All of the membership interests in IASIS are pledged to our lenders as security for our obligations under our Senior Secured Credit Facilities. In the event of a default under our Senior Secured Credit Facilities, our lenders would have the right to foreclose on such membership interests, which would result in a change of control of our company.

 

Item 13. Certain Relationships and Related Transactions, and Director Independence.

IASIS Investment Limited Liability Company Operating Agreement

The TPG Funds are party to a limited liability company operating agreement of IASIS Investment with Trimaran and JLL. The TPG Funds, JLL and Trimaran hold approximately 74.4%, 18.8% and 6.8%, respectively, of the equity interests of IASIS Investment. TPG IASIS IV is the managing member of IASIS Investment.

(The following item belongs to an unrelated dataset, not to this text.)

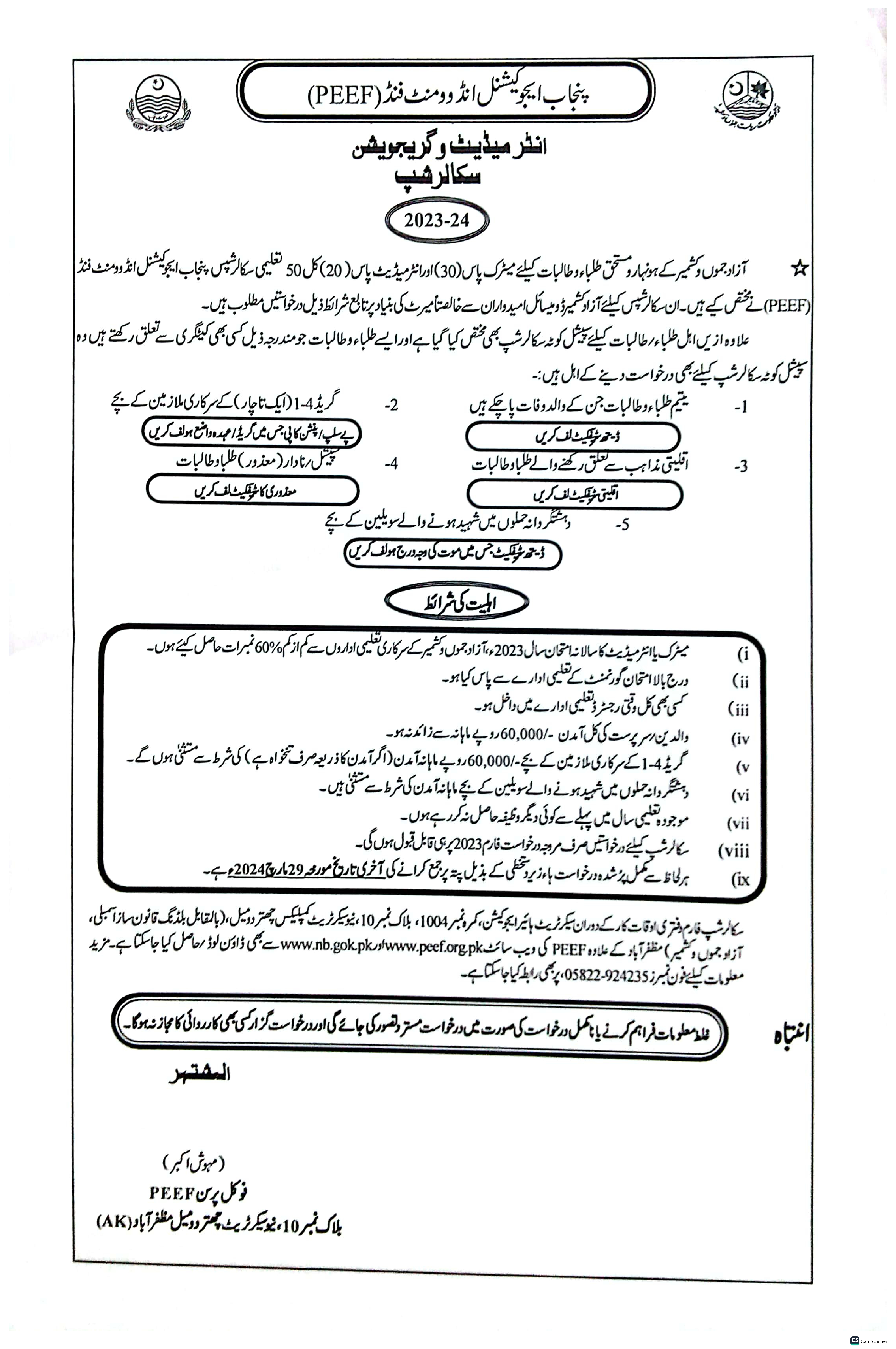 - Passed Matriculation or Intermediate Examination, in annual, conducted by Board of Intermediate and Secondary Education (BISE) Mirpur, AJK
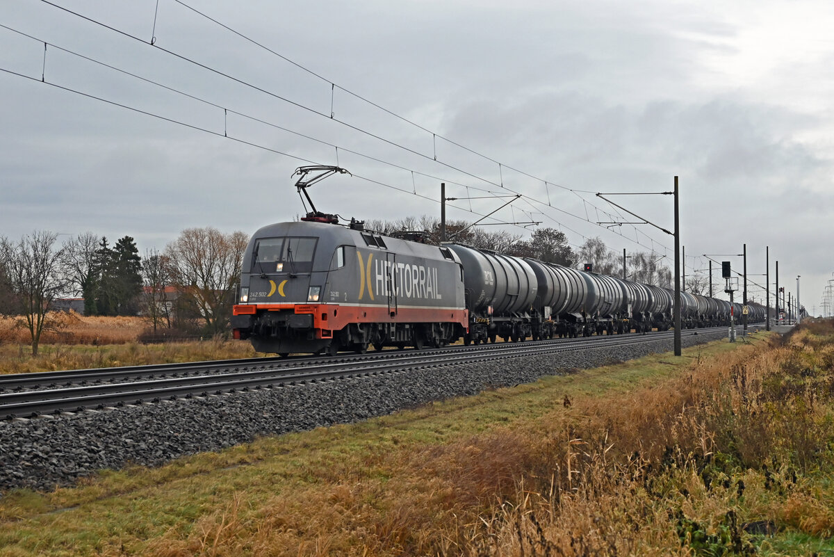 Mittlerweile eher selten trifft man auf deutschen Gleisen einen Taurus. Am 04.12.25 führte 182 501 der Hupac einen Kalizug durch Braschwitz Richtung Magdeburg. Martin Schneider

The board of directors has not made a determination as to whether each director is “independent” because all of the members of our board have been appointed by our equity sponsors. Pursuant to the limited liability company operating agreement of IASIS Investment, JLL is entitled to nominate two directors to the IAS board of directors. The TPG Funds are entitled to nominate the remaining directors. Messrs. Levy and Lightcap serve on the IAS board of directors as designees of JLL. The remaining directors serve as designees of the TPG Funds. The right of JLL to nominate two directors is subject to its ownership percentage in IASIS Investment remaining at or above 9.4%. In the event JLL’s ownership percentage in IASIS Investment falls below 9.4%, but is at least 4.7%, JLL will have the right to nominate one director. If JLL’s ownership percentage falls below 4.7%, it will not have the right to nominate any directors. The agreement also places certain restrictions on the transfer of membership interests in IASIS Investment. JLL and Trimaran have the right to participate in certain dispositions by the TPG Funds and can be required to participate on the same terms in any sale by the TPG Funds in excess of a specified percentage of its collective interest.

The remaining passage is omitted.